Does tensorflow have something similar to scikit learn\'s one hot encoder for processing categorical data? Would using a placeholder of tf.string behave as categorical data
tf.one_hot() is available in TF and easy to use.
Lets assume you have 4 possible categories (cat, dog, bird, human) and 2 instances (cat, human). So your depth=4 and your indices=[0, 3]
import tensorflow as tf
res = tf.one_hot(indices=[0, 3], depth=4)
with tf.Session() as sess:
print sess.run(res)
Keep in mind that if you provide index=-1 you will get all zeros in your one-hot vector.
Old answer, when this function was not available.
After looking though the python documentation, I have not found anything similar. One thing that strengthen my belief that it does not exist is that in their own example they write one_hot manually.

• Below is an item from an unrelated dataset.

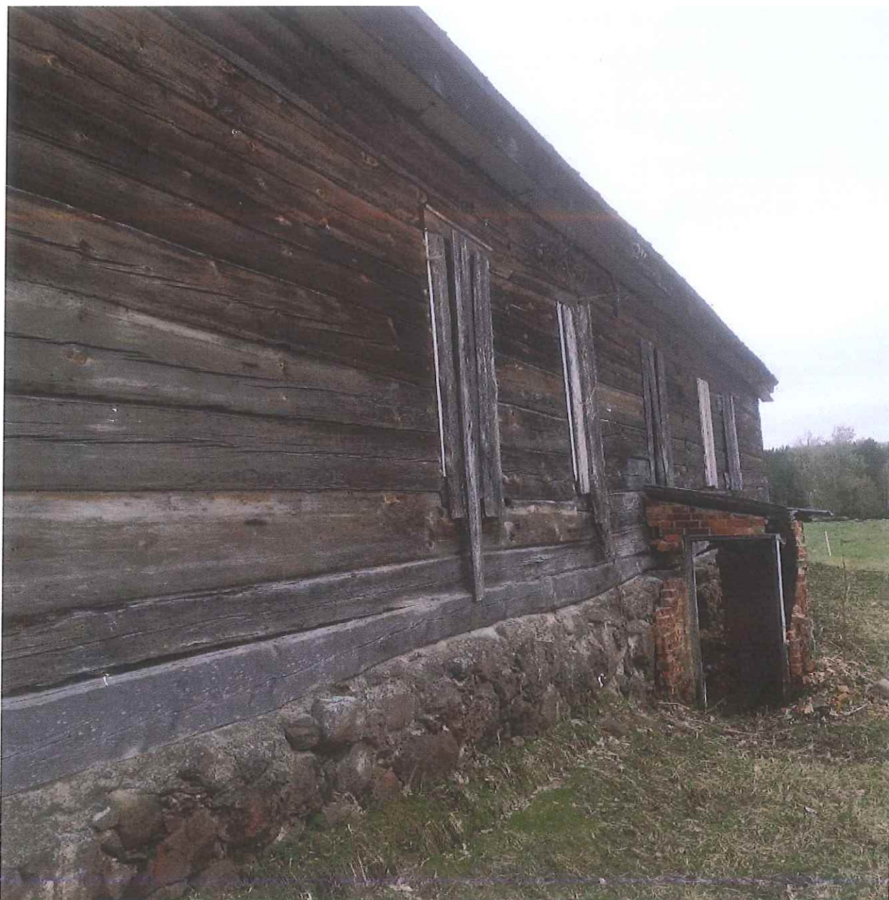
Unikalus kodas Kultūros vertybių registre – 38540

def dense_to_one_hot(labels_dense, num_classes=10):
"""Convert class labels from scalars to one-hot vectors."""
num_labels = labels_dense.shape[0]
index_offset = numpy.arange(num_labels) * num_classes
labels_one_hot = numpy.zeros((num_labels, num_classes))
labels_one_hot.flat[index_offset + labels_dense.ravel()] = 1
return labels_one_hot
You can also do this in scikitlearn.